■ Activity ■
Within the entries below, please retype exactly the lines starting with the line that has "Badezimmer (nr. 2)" and going on through the line that has "서울 도봉구 도봉2동은", but not the pictures.

■ Data provided ■
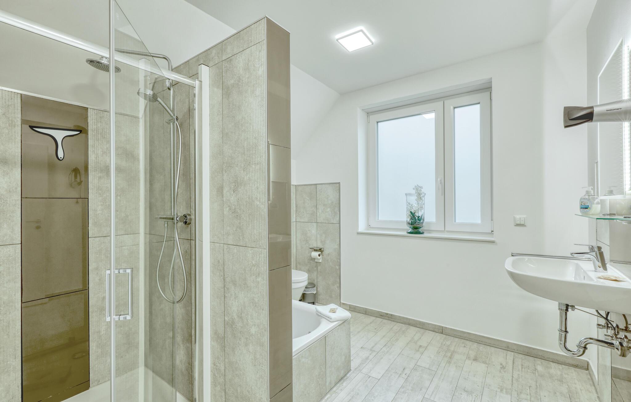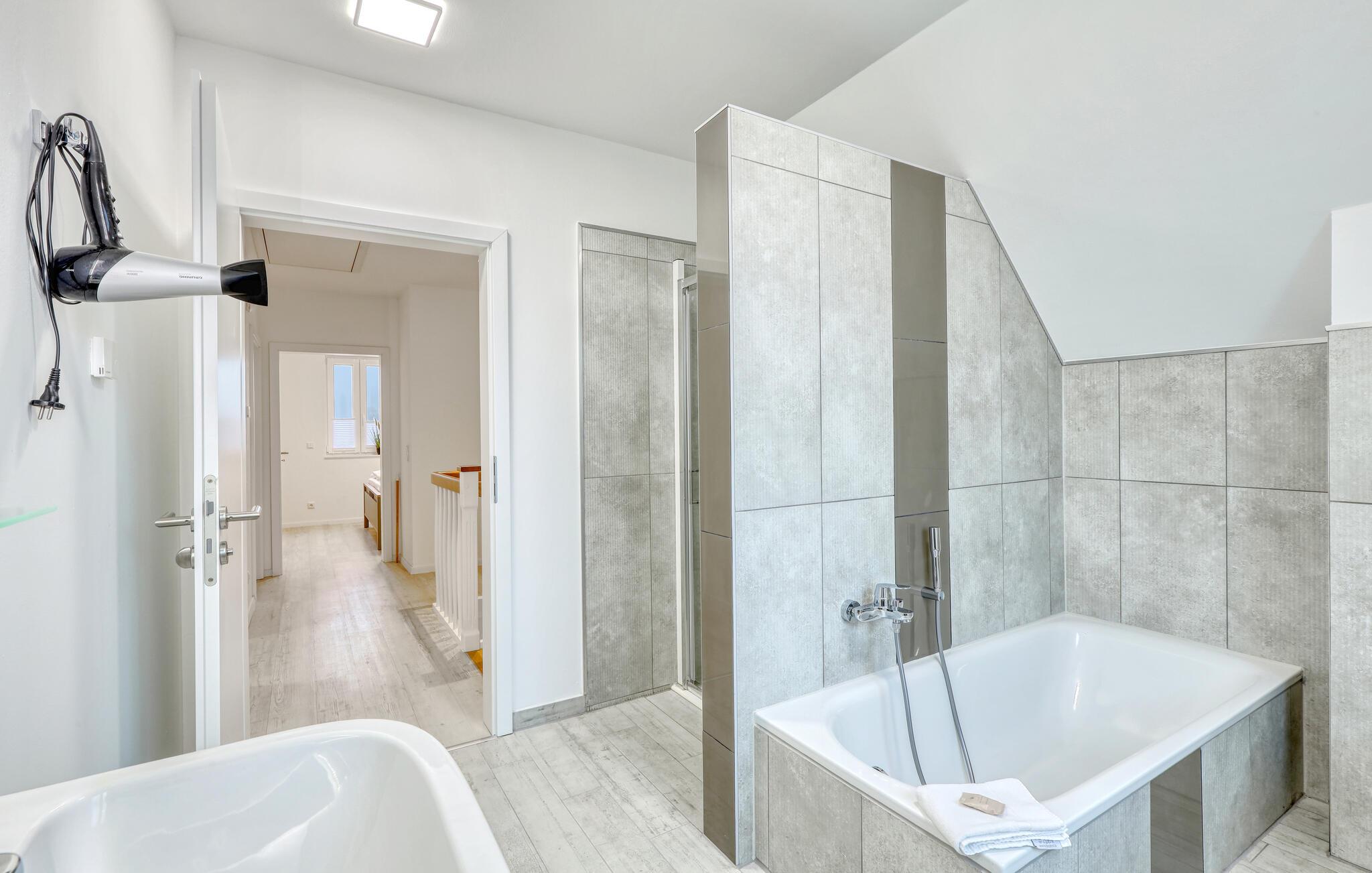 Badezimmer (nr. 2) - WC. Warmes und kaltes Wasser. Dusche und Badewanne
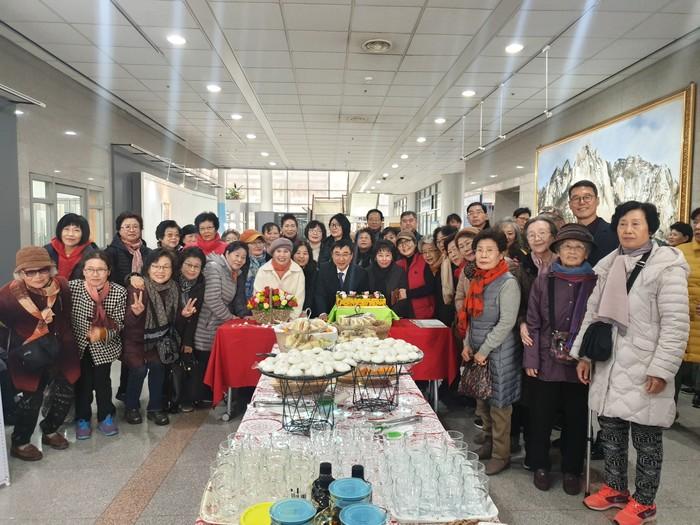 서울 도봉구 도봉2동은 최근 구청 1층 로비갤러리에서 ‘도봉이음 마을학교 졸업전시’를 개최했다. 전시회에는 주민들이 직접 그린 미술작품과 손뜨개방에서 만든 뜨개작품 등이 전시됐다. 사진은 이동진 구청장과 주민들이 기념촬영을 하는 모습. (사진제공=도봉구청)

...

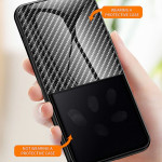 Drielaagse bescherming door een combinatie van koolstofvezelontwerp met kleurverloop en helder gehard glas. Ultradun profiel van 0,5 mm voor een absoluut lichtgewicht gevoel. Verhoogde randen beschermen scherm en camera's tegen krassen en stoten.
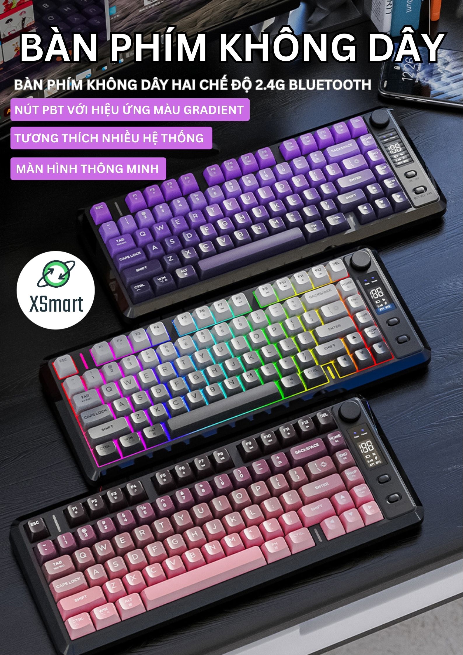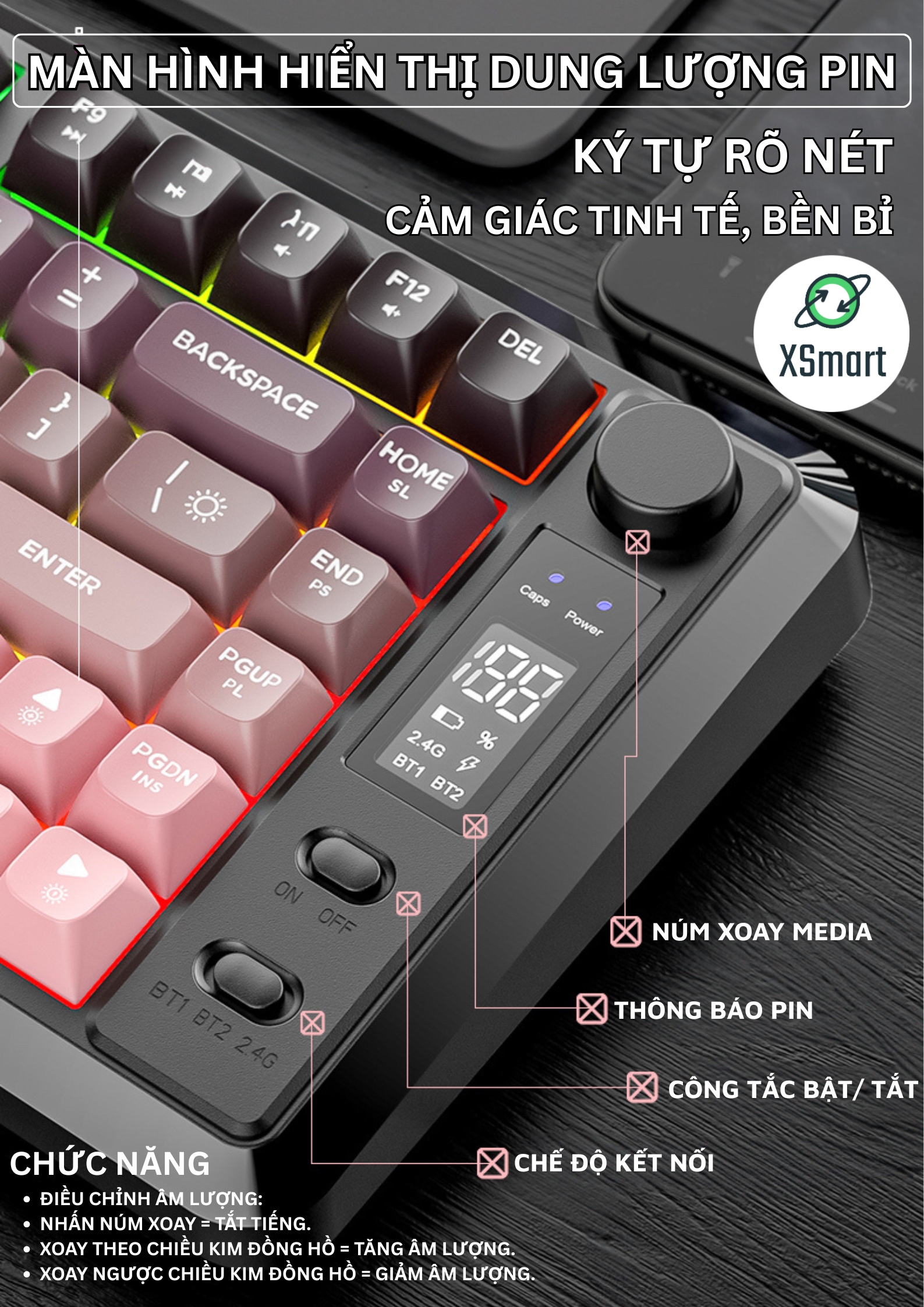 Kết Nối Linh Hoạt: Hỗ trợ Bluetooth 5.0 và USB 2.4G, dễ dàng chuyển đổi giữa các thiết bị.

==

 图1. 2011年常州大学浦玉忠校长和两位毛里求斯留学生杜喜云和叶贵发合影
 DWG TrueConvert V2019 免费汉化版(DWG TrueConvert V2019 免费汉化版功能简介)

■ Output of the task ■
 Badezimmer (nr. 2) - WC. Warmes und kaltes Wasser. Dusche und Badewanne
 서울 도봉구 도봉2동은 최근 구청 1층 로비갤러리에서 ‘도봉이음 마을학교 졸업전시’를 개최했다. 전시회에는 주민들이 직접 그린 미술작품과 손뜨개방에서 만든 뜨개작품 등이 전시됐다. 사진은 이동진 구청장과 주민들이 기념촬영을 하는 모습. (사진제공=도봉구청)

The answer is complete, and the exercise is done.